Since sexual assault charges were filed against former Gopher football standout Dominic Jones, student-athlete conduct has been on the minds of students, fans and administrators alike.
And while there might not be anything more real than the difficulties – and now stigma – facing student-athletes, a group from Penumbra Theatre in St. Paul is using fiction to examine reality.
“Redshirts” is a play that looks at the world of college football. The action follows 18-year-old Dante Greene as he is brought into the fold.
In the play, Greene is a talented running back, but a questionable student.
He soon finds himself faced with the accusation of plagiarism by an English professor.

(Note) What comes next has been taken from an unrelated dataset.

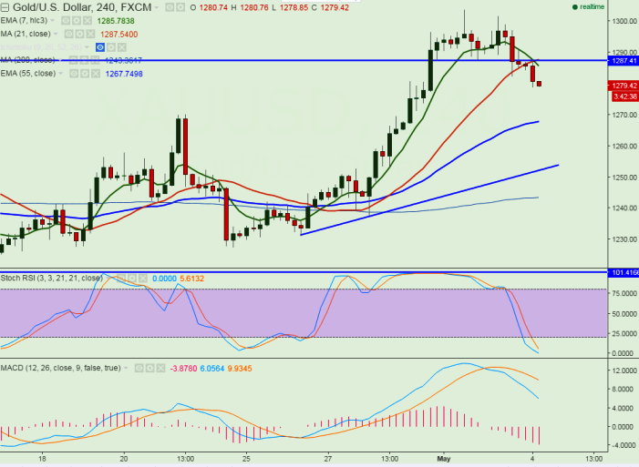 - Gold has broken major support $1285 and declined till $1278 at the time of writing. Any break below $1285 will drag the commodity down till $1265/$1250/$1242 in short term.

The issues surrounding what led Greene to cheat are examined in “Redshirts” and also the subject of a symposium held at the Gibson-Nagurski Football Practice Facility on Monday night.
“It is just so topical, we’ve been through our own bout of dealing with this stuff at the University of Minnesota,” Lou Bellamy, “Redshirts” director and associate professor of theatre arts and dance, said.
“Anyone who can’t afford to go to school on their own, who happens to be athletically gifted, are faced with these issues,” Bellamy said.
The symposium brought in a wide array of perspectives to examine college athletics and the culture that surrounds them.
“It isn’t the staked-out area of a sports psychologist,” Bellamy said. “We all interact with all these young men and women who are singled out, sometimes in eighth grade.”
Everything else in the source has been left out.